• _Provided entries_:

##############################

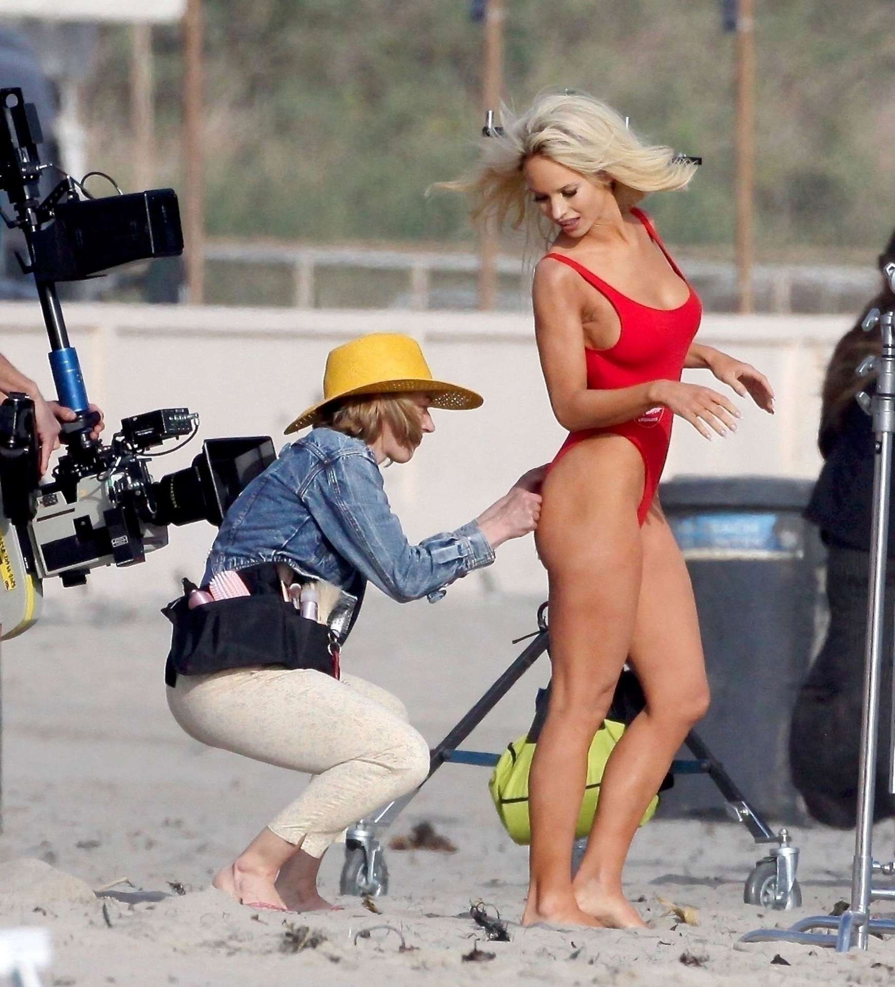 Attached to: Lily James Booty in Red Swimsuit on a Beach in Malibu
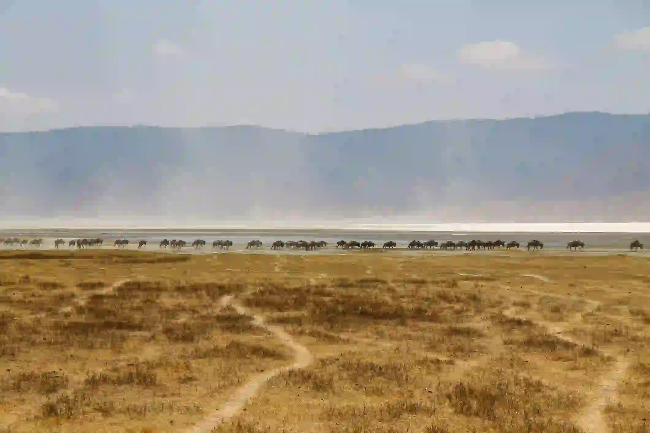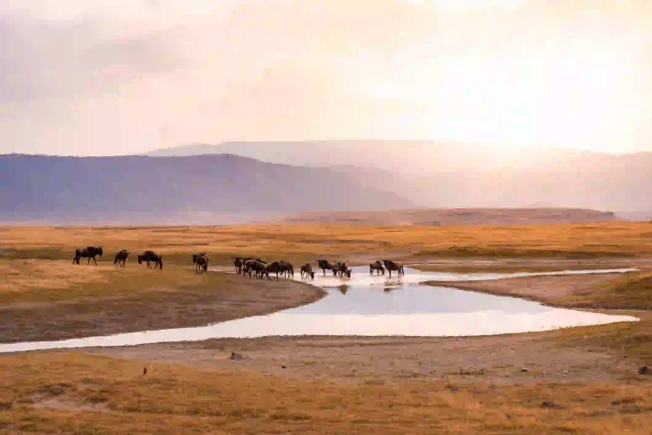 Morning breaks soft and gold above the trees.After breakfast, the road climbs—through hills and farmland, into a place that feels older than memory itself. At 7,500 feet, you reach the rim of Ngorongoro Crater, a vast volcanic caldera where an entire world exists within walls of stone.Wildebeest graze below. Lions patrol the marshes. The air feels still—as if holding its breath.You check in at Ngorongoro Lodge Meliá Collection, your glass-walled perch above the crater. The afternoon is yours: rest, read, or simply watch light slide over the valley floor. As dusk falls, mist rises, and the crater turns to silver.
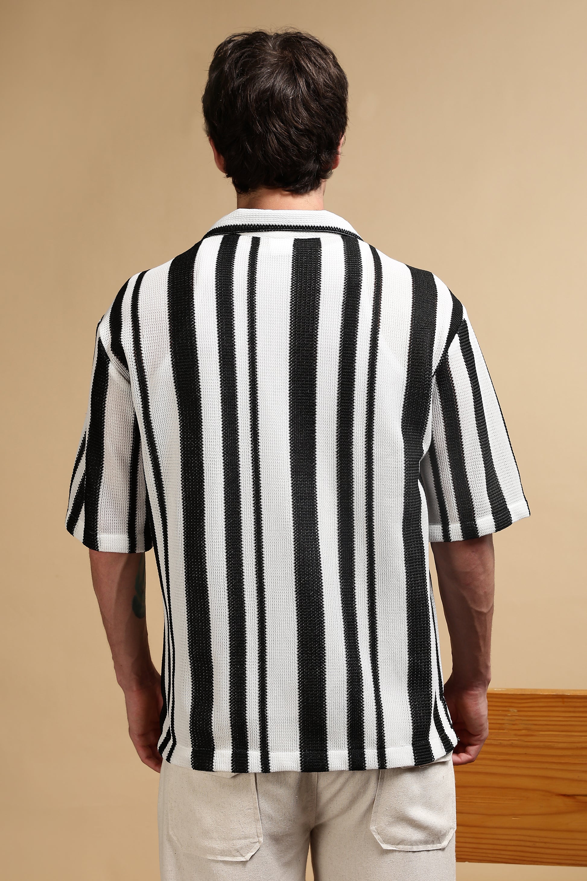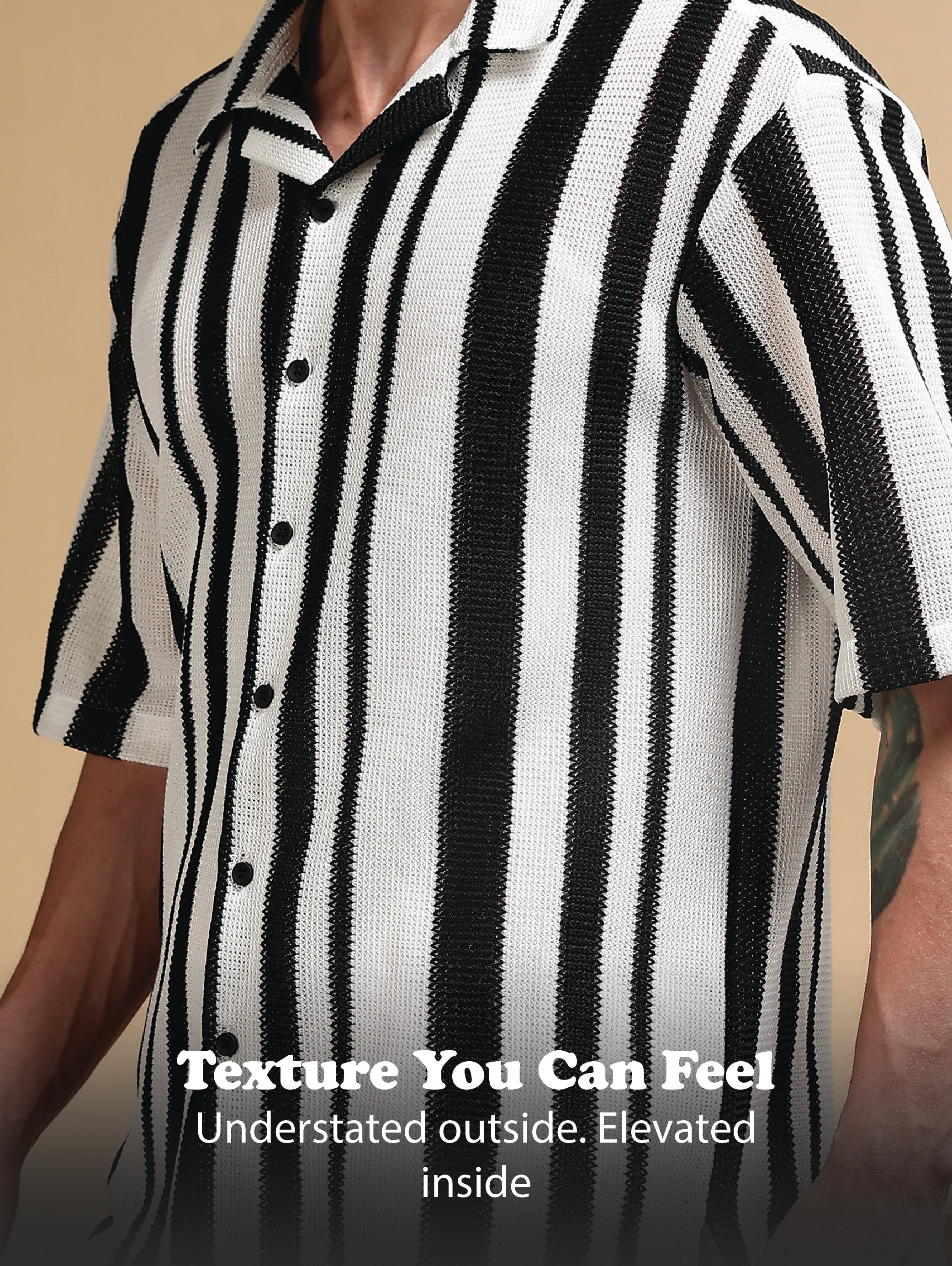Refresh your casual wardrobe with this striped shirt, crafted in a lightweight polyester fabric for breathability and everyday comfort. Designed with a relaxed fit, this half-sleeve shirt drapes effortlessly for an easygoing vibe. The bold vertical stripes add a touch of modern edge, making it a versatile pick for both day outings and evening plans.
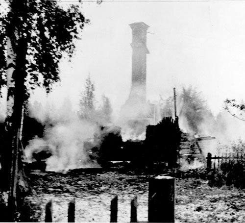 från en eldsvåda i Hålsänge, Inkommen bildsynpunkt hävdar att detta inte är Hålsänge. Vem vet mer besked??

##############################

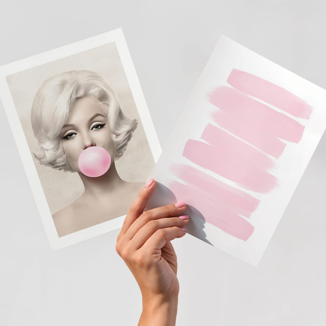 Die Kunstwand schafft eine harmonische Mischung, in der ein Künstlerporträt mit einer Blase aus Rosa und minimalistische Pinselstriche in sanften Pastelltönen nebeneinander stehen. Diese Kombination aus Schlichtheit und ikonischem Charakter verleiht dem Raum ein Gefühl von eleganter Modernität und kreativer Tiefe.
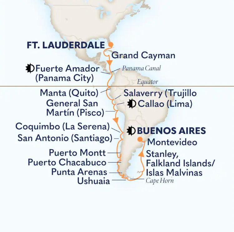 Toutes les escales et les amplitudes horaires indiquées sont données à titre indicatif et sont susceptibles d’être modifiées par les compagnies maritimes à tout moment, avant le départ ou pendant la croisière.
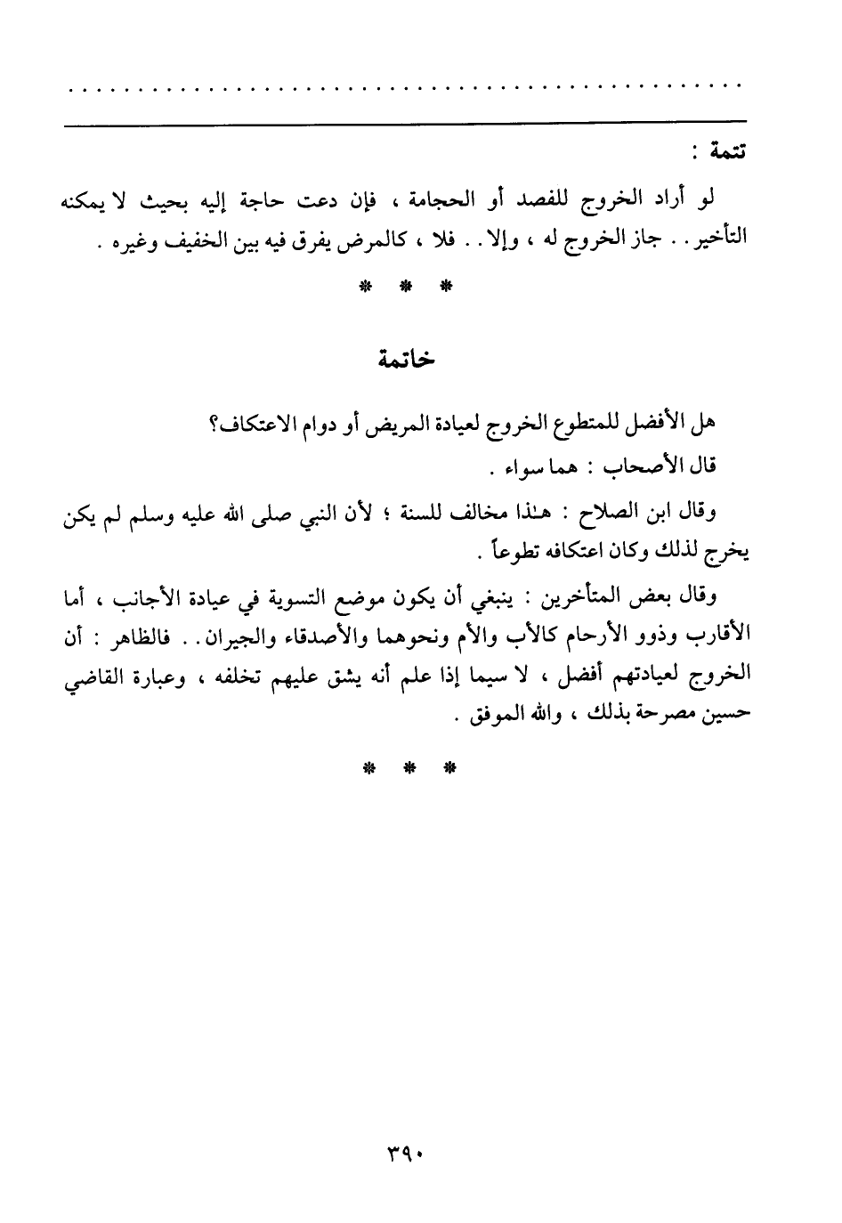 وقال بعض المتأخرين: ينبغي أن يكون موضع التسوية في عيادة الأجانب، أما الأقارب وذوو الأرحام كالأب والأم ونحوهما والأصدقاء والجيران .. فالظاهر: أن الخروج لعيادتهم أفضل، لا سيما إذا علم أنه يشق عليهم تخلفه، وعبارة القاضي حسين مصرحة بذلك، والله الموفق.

##############################

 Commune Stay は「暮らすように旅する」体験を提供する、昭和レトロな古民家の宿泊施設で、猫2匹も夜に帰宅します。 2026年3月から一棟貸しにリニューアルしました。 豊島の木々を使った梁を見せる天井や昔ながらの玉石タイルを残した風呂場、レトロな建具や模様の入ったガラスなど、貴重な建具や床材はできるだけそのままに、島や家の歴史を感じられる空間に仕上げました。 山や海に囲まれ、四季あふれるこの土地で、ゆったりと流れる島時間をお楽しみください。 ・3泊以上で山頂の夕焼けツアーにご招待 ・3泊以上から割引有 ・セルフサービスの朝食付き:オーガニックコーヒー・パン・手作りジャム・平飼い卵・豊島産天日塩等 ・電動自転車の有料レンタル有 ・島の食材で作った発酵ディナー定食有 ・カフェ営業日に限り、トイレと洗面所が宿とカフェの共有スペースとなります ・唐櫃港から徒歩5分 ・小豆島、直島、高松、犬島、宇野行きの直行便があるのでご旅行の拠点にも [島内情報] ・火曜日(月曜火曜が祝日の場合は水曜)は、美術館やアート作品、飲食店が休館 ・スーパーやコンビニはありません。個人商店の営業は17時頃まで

##############################

Using the records above, print exactly the lines between the ones containing "Attached to: Lily" and "från en eldsvåda", inclusive, and nothing else; no pictures.

• _Task result_:
 Attached to: Lily James Booty in Red Swimsuit on a Beach in Malibu
 Morning breaks soft and gold above the trees.After breakfast, the road climbs—through hills and farmland, into a place that feels older than memory itself. At 7,500 feet, you reach the rim of Ngorongoro Crater, a vast volcanic caldera where an entire world exists within walls of stone.Wildebeest graze below. Lions patrol the marshes. The air feels still—as if holding its breath.You check in at Ngorongoro Lodge Meliá Collection, your glass-walled perch above the crater. The afternoon is yours: rest, read, or simply watch light slide over the valley floor. As dusk falls, mist rises, and the crater turns to silver.
Refresh your casual wardrobe with this striped shirt, crafted in a lightweight polyester fabric for breathability and everyday comfort. Designed with a relaxed fit, this half-sleeve shirt drapes effortlessly for an easygoing vibe. The bold vertical stripes add a touch of modern edge, making it a versatile pick for both day outings and evening plans.
 från en eldsvåda i Hålsänge, Inkommen bildsynpunkt hävdar att detta inte är Hålsänge. Vem vet mer besked??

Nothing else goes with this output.